Americans have an “irrational fear” of terrorism and are more likely “to be killed by a dog than a jihadi terrorist,” according to a left-leaning national security expert who rejected the notion that al Qaeda is alive and well despite the terror group’s recent murder of a U.S. ambassador in Libya.
“I just think it’s a fact that al Qaeda is essentially dead,” Peter Bergen, director of the New America Foundation’s (NAF) National Security Studies Program, told a crowd of reporters and foreign policy observers Tuesday during a debate on al Qaeda’s global influence. “Dead in its terms to do anything close to” the Sept. 11, 2001 terrorist attacks.
“At the end of the day, compared to 9/11, it’s a rather minor victory for these guys” to have successfully murdered U.S. Ambassador Christopher Stevens and three other Americans at the U.S. consulate in Benghazi, Bergen maintained.
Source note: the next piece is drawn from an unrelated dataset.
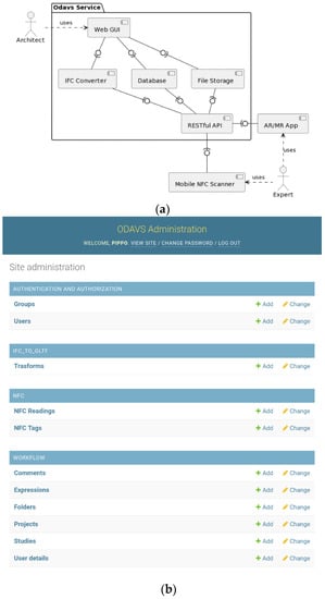 Concerning the Web GUI structure depicted in Figure 2b, it provides a Web user interface organized as a set of entity types, each containing pieces of information called entities supporting the aforementioned workflow. For each entity, four basic operations are possible through the Web GUI: adding a new entity, changing or deleting an existing entity and listing all or some of the entities of any given entity type. For each entity type, the links to the “Add” and “Change” operations are made available. Looking at the Web GUI from top to bottom, in the “Authentication and Authorization” section the entity types named Groups and Users are included. They allow the administrator to control the list of users with access to any entity type of the platform. They can limit the list of operations for a specific user or set of users. Through such entities, the platform implements a standard role-based access model for authorization, while authentication is based on standard password verification for each user. In the “IFC_TO_GLTF” section of the Web GUI, the entity type named “Transforms” keeps track of each request a user may have made to transform an IFC file into a GLTF one. In the “NFC section”, the entity type “NFC Tags” keeps track of all the serial codes of the RFID deployed in the buildings where ODAVS is going to be used, while the entity type “NFC readings” stores the relevant information of each RFID scan operation completed using the Mobile NFC scanner. In the “Workflow” section it is possible to find the core entity types of the ODAVS workflow. In particular, in “User Details” the administrator can associate a regular User with extra information concerning the usage of ODAVS, e.g., what projects are available to a given user. By means of entity types “Folders and Expressions”, the administrator can customize the list of IFC Object Types that can be shown or hidden through the interface of the MR App (e.g., furniture, systems, envelope). The entity type “Project” stores relevant metadata for each renovation project worked out within ODAVS, while the entity type “Study” stores further metadata for each candidate study to be assessed using ODAVS as well as their IFC attachments and can link them with the GLTF and JSON files generated using the “Transform” entity type. Finally, the “Comment” entity type contains the collection of annotations and comments uploaded by the user during the on-site survey through the MR App.

Bergen’s comments drew a sharp rebuke from the panel’s more conservative participants who explained that, far from decimated, al Qaeda is buttressing its network of terrorist operatives across the greater Middle East and elsewhere.
The debate comes at a critical juncture in the conversation over U.S. intelligence failures leading up to the terrorist attacks in Libya, as the Obama administration continues to claim that al Qaeda has been “decimated” despite evidence to the contrary.
Liberal observers maintain that the attacks represent the final spasms of a terror group in its death throes, while conservative experts argue that al Qaeda is flourishing throughout a tumultuous Middle East.
Intelligence reports show that al Qaeda is “moving out into other theaters” from its traditional strongholds in Afghanistan and Pakistan, explained Bill Roggio, a senior fellow at the Foundation for Defense of Democracies (FDD).
From Libya to Yemen, Syria, and North Africa, al Qaeda has expanded its network across multiple continents, Roggio said.
“Al Qaeda is getting out of that kill box of Pakistan” and sending “operatives all over,” he said. “You can see based on ISAF’s raids that this is actually true. Does this sound like a group that’s been beaten off the battlefield? Does this sound like a group that’s been defeated?”
As Western forces prepare to withdraw from Afghanistan, al Qaeda will only grow in strength, Roggio said.
“We’re leaving Afghanistan and we have no coherent policy on Pakistan,” he said. “As we’re drawing down al Qaeda will increase its ties with these local [jihadist] groups.”
Bergen and his New America Foundation colleagues responded that al Qaeda’s growing strength in the Arab world poses no significant problem.
The terror organization once led by Osama bin Laden is “dead in the terms of its ability to do anything close to 9/11,” Bergen maintained. “Al Qaeda is now defeated, incapable of its central goal” of mounting attacks against America.
The experts quibbled over the definition of al Qaeda.
Those on the left argued that al Qaeda is a centralized group primarily concerned with attacking major sites in America and the West. FDD experts, however, said that al Qaeda is as much a philosophy as a terror organization, with small, affiliated networks operating across the globe.
America should be the “main concern,” NAF’s Bergen stated, “not other people’s national security.” The Twin Tower attacks were “misunderstood at the time. It was seen as the beginning of something, but was actually the end of something.”
Just because groups claiming to be affiliated with al Qaeda are “striking in Libya and other places, [that does not] mean they’re al Qaeda affiliates,” retired Col. Thomas Lynch, a distinguished research fellow at National Defense University, told attendees. “I suggest we take a different look, a more critical look, and not give credence to the proposition that al Qaeda still exists as a core.”
Refuting Bergen’s argument that dogs and “bathtubs” kill more Americans than terrorists, FDD’s Roggio said, “Dogs and bathtubs don’t plan to kill Americans, and al Qaeda has.”
With evidence that al Qaeda is increasing its activities in North Africa, Egypt, Libya, Iraq, and Syria, the group poses a “threat to entire region,” argued Thomas Joscelyn, a senior FDD fellow. “In some ways al Qaeda’s brand has been hurt, … but we can't just blasé say it’s over and not worry about it.”